Review by Olivia Kate Cerrone
In the title poem that opens Julia Lisella’s latest collection, Our Lively Kingdom, the lived life that was once familiar is “now broken into village plots that others love to visit.” Reshaped by grief, memories take on new associations, evoking startling possibilities and insights in a narrative terrain where “almost anything can grow here—even last year’s annuals come shunting through with a tiny roar.” Lisella’s elegant and vividly rendered poems are wise, compassionate, and far-reaching in their scope, interweaving haunting themes on what is endured and sustained through seasons of motherhood and marriage, beloved friendships curtailed by illness and death, the tender love for adult children, and the care of an aging parent. The nature of grief, complicated by the ever-present specter of gun violence and the ongoing aftershocks of the pandemic, lives at the heart of these poems. In “Maternal Half-Life,” the very process of radioactive decay shapes the fallout of the 2016 shooting of Pulse Nightclub, a gay bar and dance club in Orlando, Florida, as mourning itself
shakes and shakes, trying to itself achieve half of half of half
which is infinite, bottomless,
like the bang, the plume of the machine gun
of the mad young man at odds with the body that made him
dividing and dividing the pure bodies of the 49 around him
into the halves of halves of halves of morning light.
And left in the doorways, the living rooms, the cramped kitchens,
are Mournings’s half-lives halved and halved and without end
like the half-life of the labor pain
that circles, returns, but does not diminish,
until the torso radiant with light amazes and releases
its others whose half-lives cleave and divide again.”
In “Faculty Development Workshop,” the speaker absorbs a difficult active shooter training set inside a university as the demonstration’s presenter asks,
Do you know the sound of the gun?
One person raises his hand.
Locate. Leave. Live.
There is another rule, but I forget the “L” word for it,
Lock? It will make all the difference,
but I can’t remember it.
As the speaker’s silent agitation rises, the presenter continues, asking,
Do you know much about guns?
Know the kinds of sounds each kind of gun can make?
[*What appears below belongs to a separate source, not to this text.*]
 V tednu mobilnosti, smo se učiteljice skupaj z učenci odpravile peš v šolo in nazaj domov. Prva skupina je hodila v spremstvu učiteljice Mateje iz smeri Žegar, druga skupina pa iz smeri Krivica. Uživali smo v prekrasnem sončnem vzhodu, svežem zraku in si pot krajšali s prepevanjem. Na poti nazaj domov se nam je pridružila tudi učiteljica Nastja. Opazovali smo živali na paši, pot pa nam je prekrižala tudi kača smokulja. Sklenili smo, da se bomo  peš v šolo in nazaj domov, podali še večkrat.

No one raises their hand in this little Northeastern college.
Do you know how to hunt? Anyone here hunt?
Do you know how to be hunted? You should run.
When should we run? After we have locked the door?
No, it depends.
When the sound of the gun is far away, you can run,
Or you can stay. Really, you can stay.
This disorienting sense of uncertainty and terror is reverberated throughout the last section of Our Lively Kingdom, which focuses on the collective trauma of pandemic life during 2020. These poems capture the nuanced strangeness and sorrow of Covid-19’s first year, including the lonely tedium of isolation and quarantine as socializing and ceremonies are shunted online. In “Cleaning the Groceries in the Time of Covid-19,” the poet wonders how to avoid the virus:
Porous or non-porous, the skin of a melon?
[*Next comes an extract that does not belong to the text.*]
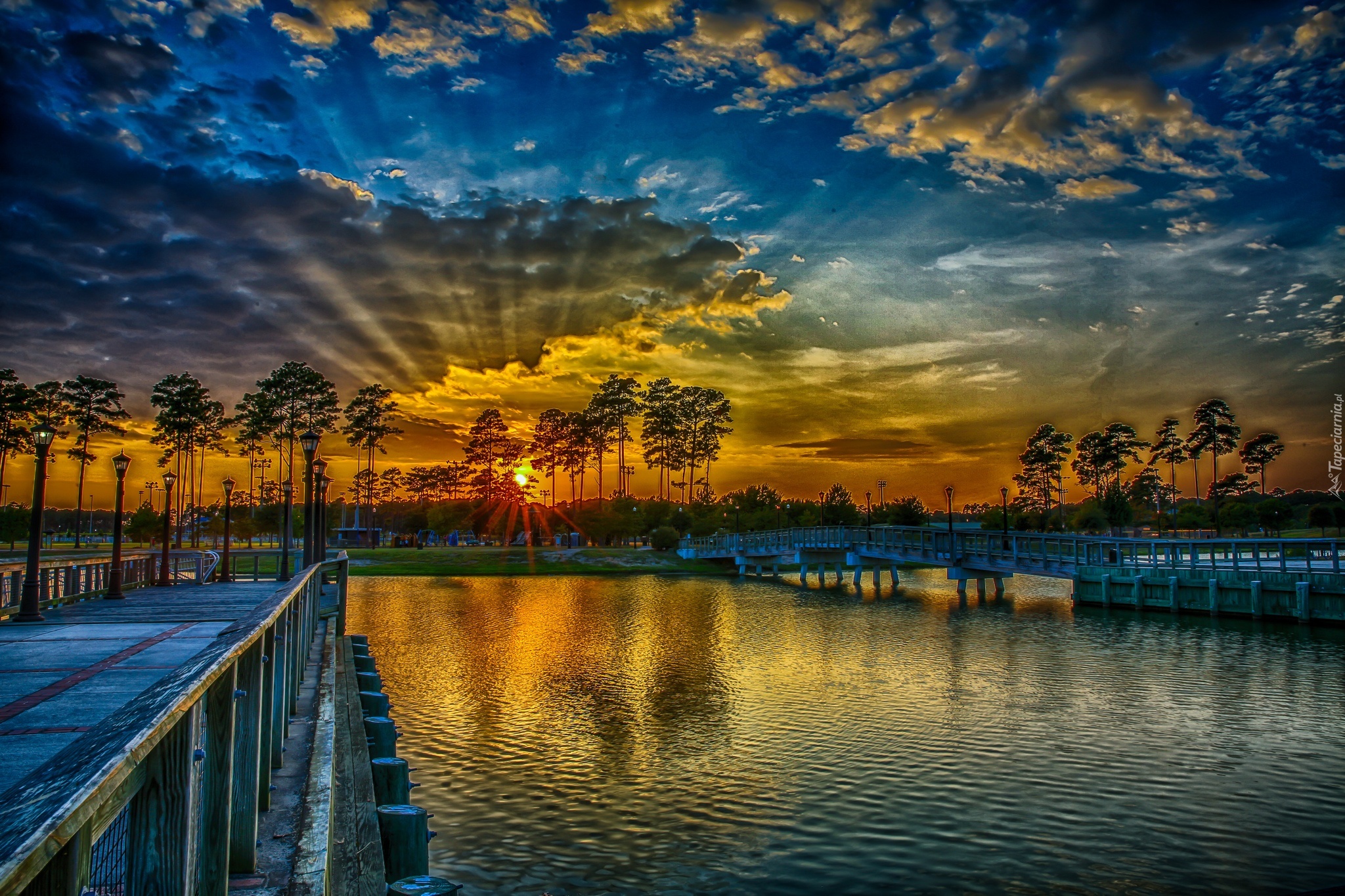 Edytor tapety: Jezioro, Molo, Zachod, Slonca, Niebo, Chmury

the skin of my hands rinsed and soaped and rinsed
porous darkening olive winking through suds with a scaly grudge
non-porous the kitchen faucet, the sink,
the fridge, porous the plastic bag?
Time in these poems becomes distorted and nonlinear, while exposing the fragility of relationships strained by distance and restrictions. In “Poem for My Daughter in the Pandemic,” the speaker video chats with her eldest adult child, who lives in New York City, which “will be burning its two fevers” of pandemic lockdown and the protests against police brutality in the aftermath of George Floyd, Jr.’s death. She recalls her daughter as a carefree girl of twelve, while meditating upon the now young woman living alone “in the center of danger,” who “locks herself up in her bedroom, the eeriness of midtown’s empty streets a shudder until light breaks.”
The poems in Julia Lisella’s Our Lively Kingdom are dazzling in their nuanced depictions of life and the complexities surrounding one’s most intimate relationships. This is an essential collection, not only in its articulation of the fallout of loss and trauma in these ever-challenging times, but also in its willingness and grace to face that which is most volatile and difficult to embrace. In “I’m Receiving Now,” the poet does just that with “arms bare and wide…I’m receiving all the grief here it is here it is.”
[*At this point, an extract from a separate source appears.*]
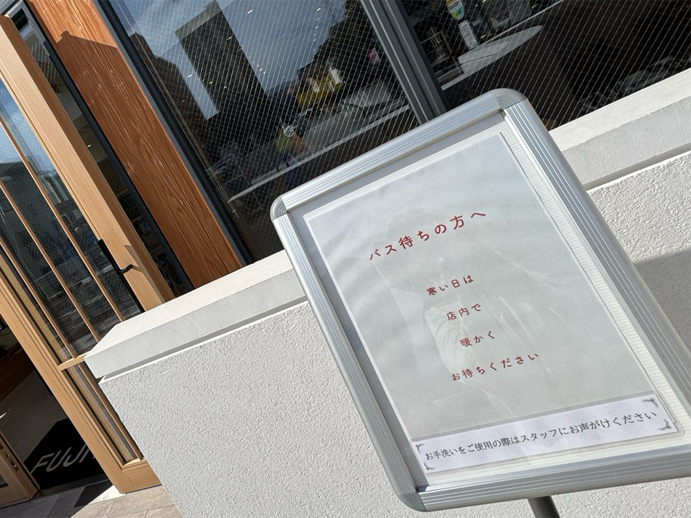 バス停の前に、地域の人を想うからこそ、こういうところも大ファンの浅野です。

Our Lively Kingdom by Julia Lisella
Bordighera Press 2022
Paperback 110 pages
Olivia Kate Cerrone is the author of The Hunger Saint, a historical novella about the child miners of Sicily. Her Pushcart Prize-nominated fiction has appeared in dozens of literary journals and won the Crab Orchard Review’s Jack Dyer Fiction Prize. She’s at work on a novel called DISPLACED, which recently won the Novel Slices Issue Four Contest, and was also longlisted for both the 2022 DISQUIET Literary Prize and the Masters Review Novel Excerpt Contest.